* **Given records**

- - -

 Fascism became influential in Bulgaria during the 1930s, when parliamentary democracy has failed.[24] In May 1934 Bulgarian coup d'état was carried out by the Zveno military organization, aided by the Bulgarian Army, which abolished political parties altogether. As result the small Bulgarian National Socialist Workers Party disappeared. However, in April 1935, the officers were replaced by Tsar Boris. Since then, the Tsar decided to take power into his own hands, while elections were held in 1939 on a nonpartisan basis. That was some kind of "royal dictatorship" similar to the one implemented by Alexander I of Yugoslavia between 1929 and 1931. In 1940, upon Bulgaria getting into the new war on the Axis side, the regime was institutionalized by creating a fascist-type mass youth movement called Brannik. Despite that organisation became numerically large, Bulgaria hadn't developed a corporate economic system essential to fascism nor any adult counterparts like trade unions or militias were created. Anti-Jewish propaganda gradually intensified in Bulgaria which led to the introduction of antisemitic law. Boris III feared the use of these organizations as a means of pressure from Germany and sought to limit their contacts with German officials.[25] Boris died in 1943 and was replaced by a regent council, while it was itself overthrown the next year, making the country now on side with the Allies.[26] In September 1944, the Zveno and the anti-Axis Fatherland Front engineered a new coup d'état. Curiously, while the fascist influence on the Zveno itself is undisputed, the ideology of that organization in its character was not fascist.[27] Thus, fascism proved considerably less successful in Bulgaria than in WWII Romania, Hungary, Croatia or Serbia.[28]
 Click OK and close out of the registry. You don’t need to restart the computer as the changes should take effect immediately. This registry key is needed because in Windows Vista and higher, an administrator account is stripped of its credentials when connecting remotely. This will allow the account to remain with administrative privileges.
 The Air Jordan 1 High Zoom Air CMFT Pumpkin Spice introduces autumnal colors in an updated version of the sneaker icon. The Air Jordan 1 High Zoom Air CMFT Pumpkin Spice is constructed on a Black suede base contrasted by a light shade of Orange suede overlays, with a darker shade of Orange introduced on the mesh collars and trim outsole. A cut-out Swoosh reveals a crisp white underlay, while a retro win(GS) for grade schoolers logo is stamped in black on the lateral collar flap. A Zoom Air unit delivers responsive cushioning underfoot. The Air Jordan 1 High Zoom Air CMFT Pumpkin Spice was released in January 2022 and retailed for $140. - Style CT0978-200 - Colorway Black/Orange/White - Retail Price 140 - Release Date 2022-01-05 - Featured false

- - -

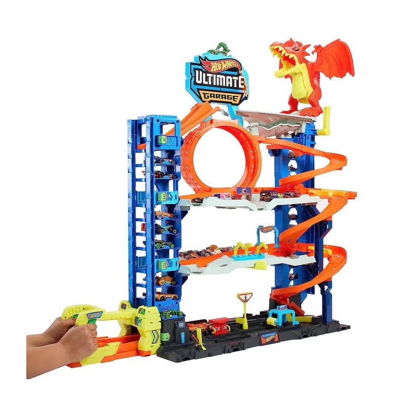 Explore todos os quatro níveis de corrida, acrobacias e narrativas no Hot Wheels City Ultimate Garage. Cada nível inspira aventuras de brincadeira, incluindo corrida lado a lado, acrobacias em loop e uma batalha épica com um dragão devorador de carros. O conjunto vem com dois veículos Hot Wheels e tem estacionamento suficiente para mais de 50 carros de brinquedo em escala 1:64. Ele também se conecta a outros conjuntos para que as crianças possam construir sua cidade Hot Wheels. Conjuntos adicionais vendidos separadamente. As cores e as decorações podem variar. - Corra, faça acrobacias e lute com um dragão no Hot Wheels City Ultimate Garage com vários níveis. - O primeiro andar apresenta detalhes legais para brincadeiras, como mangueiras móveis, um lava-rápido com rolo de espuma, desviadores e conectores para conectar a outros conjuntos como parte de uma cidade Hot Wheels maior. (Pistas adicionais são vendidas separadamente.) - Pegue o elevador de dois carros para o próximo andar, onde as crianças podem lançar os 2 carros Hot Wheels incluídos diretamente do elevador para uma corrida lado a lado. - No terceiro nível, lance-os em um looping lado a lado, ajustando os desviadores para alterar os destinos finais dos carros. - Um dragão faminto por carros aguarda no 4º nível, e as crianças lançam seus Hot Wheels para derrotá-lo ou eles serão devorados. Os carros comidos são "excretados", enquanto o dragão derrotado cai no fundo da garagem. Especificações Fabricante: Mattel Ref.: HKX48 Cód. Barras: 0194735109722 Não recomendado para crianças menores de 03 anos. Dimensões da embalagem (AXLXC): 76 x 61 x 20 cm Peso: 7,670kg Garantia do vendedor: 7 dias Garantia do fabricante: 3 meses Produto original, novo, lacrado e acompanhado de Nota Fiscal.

- - -

* **Required work**
In the data above, which lines lie between the line with "Click OK and" and the line with "The Air Jordan 1 High Zoom Air CMFT Pumpkin Spice introduces", inclusive? Print those lines exactly and nothing else.

* **The answer**
 Click OK and close out of the registry. You don’t need to restart the computer as the changes should take effect immediately. This registry key is needed because in Windows Vista and higher, an administrator account is stripped of its credentials when connecting remotely. This will allow the account to remain with administrative privileges.
 The Air Jordan 1 High Zoom Air CMFT Pumpkin Spice introduces autumnal colors in an updated version of the sneaker icon. The Air Jordan 1 High Zoom Air CMFT Pumpkin Spice is constructed on a Black suede base contrasted by a light shade of Orange suede overlays, with a darker shade of Orange introduced on the mesh collars and trim outsole. A cut-out Swoosh reveals a crisp white underlay, while a retro win(GS) for grade schoolers logo is stamped in black on the lateral collar flap. A Zoom Air unit delivers responsive cushioning underfoot. The Air Jordan 1 High Zoom Air CMFT Pumpkin Spice was released in January 2022 and retailed for $140. - Style CT0978-200 - Colorway Black/Orange/White - Retail Price 140 - Release Date 2022-01-05 - Featured false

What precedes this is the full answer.